ABOUT THIS EXERCISE:
Some lines in the material below hold the word "depends". Copy all of them.

GIVEN RECORDS:
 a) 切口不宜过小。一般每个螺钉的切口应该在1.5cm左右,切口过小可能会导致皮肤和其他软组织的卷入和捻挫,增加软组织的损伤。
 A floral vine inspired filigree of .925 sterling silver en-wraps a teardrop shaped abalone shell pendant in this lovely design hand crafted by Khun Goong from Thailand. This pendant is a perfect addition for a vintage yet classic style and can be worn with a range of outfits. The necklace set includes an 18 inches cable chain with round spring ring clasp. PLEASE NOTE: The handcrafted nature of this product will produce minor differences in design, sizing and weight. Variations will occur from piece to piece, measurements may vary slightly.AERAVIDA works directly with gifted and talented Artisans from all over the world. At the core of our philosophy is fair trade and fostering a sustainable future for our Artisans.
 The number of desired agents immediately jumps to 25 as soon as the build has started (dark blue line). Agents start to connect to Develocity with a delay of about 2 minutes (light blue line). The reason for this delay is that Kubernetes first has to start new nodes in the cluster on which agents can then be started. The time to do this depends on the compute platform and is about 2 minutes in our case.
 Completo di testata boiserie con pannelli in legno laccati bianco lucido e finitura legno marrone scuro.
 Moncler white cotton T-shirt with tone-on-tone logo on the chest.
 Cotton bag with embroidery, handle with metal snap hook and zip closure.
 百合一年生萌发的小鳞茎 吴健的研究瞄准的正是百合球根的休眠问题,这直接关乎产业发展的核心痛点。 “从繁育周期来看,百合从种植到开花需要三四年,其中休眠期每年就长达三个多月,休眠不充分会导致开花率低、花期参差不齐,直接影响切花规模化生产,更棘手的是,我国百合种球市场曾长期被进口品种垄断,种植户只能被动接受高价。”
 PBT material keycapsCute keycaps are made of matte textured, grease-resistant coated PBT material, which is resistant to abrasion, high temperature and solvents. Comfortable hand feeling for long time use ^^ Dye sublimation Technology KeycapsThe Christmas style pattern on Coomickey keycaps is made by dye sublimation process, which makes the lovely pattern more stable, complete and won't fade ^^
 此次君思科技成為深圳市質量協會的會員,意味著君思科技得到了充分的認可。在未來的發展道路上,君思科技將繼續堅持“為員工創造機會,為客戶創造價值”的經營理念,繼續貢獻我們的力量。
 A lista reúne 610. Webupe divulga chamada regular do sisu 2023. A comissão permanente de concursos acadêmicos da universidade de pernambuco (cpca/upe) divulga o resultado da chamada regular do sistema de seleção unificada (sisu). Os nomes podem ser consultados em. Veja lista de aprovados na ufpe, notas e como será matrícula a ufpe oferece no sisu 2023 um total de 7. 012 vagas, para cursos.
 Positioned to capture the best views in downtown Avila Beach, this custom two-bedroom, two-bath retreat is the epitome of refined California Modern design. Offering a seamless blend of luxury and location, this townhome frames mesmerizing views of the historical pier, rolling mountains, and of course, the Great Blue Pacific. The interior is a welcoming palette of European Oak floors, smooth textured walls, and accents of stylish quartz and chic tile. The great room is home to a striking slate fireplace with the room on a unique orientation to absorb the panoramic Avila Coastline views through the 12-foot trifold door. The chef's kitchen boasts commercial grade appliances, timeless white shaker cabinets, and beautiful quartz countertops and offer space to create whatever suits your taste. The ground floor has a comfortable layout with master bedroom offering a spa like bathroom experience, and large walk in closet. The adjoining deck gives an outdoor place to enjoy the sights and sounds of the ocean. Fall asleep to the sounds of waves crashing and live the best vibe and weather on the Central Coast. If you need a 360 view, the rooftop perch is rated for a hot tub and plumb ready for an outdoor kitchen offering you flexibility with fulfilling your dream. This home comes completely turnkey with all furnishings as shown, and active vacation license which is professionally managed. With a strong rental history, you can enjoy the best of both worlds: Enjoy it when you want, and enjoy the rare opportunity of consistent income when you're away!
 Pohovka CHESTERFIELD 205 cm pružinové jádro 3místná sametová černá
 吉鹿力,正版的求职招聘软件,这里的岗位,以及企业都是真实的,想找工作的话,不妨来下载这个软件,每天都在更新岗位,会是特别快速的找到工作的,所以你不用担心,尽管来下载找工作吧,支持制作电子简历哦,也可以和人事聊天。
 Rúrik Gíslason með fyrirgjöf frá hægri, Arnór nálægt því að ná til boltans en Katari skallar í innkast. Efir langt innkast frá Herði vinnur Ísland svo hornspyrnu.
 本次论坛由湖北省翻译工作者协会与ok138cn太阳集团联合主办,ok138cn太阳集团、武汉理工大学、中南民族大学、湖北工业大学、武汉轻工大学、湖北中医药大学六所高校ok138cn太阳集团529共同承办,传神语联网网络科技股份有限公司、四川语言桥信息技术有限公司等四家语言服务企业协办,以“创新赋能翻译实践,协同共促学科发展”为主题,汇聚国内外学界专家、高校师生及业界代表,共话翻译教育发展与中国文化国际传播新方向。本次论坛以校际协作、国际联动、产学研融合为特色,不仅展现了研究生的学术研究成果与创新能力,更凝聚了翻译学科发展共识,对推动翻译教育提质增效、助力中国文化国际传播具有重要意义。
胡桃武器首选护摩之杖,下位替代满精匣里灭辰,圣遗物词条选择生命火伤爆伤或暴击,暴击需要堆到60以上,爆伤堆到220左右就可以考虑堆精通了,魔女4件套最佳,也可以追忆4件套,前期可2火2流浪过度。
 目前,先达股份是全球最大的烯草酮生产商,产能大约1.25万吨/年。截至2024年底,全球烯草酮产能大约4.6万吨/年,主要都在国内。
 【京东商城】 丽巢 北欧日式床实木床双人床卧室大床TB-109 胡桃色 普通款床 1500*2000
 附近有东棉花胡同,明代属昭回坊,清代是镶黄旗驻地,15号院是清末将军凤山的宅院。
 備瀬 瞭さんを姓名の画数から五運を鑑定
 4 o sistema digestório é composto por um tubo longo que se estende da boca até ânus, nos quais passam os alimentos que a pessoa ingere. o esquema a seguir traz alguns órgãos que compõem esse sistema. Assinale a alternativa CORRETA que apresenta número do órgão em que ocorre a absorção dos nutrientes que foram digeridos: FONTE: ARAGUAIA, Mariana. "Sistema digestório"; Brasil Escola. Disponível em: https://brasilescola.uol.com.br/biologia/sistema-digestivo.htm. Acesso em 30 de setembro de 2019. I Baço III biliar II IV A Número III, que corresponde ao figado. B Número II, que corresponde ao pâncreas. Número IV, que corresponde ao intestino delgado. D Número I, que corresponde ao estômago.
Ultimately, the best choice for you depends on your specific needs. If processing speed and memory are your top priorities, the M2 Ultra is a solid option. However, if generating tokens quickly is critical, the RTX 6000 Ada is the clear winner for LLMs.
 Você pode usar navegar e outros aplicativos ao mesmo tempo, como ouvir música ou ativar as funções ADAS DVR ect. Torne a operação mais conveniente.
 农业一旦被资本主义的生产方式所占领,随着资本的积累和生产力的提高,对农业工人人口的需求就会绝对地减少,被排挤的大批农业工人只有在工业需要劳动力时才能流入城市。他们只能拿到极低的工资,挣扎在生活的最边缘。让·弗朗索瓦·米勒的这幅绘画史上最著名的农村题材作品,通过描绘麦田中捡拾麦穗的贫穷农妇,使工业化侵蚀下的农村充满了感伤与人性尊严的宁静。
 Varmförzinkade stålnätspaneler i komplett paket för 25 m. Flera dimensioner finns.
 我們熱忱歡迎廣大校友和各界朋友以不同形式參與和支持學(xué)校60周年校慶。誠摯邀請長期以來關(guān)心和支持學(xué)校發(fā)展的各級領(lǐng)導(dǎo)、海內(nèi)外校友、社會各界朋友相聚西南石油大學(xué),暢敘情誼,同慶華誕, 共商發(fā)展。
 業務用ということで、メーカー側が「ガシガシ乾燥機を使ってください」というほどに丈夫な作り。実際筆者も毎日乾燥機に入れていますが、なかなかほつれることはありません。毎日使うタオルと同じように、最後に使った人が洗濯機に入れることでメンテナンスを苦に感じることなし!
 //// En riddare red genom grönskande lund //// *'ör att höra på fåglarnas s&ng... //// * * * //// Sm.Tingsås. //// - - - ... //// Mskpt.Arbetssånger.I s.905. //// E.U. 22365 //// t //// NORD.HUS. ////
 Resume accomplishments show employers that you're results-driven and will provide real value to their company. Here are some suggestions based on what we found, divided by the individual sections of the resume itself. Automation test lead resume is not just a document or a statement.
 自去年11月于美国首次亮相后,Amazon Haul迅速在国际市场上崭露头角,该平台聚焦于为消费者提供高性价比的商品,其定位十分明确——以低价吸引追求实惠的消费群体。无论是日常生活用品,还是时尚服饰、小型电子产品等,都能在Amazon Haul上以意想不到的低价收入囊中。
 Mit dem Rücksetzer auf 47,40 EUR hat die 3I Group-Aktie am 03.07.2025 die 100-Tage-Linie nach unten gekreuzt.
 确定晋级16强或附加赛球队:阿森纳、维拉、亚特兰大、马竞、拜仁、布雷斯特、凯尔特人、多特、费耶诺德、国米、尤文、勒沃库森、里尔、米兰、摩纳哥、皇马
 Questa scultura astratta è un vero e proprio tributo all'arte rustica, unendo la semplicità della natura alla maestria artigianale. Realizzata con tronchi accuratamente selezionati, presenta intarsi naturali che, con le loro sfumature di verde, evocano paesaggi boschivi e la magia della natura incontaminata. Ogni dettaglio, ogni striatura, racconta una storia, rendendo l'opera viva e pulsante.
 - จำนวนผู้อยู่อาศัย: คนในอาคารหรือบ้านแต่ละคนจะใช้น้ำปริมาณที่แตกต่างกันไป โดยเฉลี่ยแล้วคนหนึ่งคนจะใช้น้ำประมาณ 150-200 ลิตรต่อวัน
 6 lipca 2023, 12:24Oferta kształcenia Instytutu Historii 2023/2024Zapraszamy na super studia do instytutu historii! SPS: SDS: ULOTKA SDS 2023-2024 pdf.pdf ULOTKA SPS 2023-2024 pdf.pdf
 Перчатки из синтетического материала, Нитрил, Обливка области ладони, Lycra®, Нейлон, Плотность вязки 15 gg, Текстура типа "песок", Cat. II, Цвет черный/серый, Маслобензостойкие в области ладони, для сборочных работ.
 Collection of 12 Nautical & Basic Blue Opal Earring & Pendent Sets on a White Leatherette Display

SOLUTION:
 The number of desired agents immediately jumps to 25 as soon as the build has started (dark blue line). Agents start to connect to Develocity with a delay of about 2 minutes (light blue line). The reason for this delay is that Kubernetes first has to start new nodes in the cluster on which agents can then be started. The time to do this depends on the compute platform and is about 2 minutes in our case.
Ultimately, the best choice for you depends on your specific needs. If processing speed and memory are your top priorities, the M2 Ultra is a solid option. However, if generating tokens quickly is critical, the RTX 6000 Ada is the clear winner for LLMs.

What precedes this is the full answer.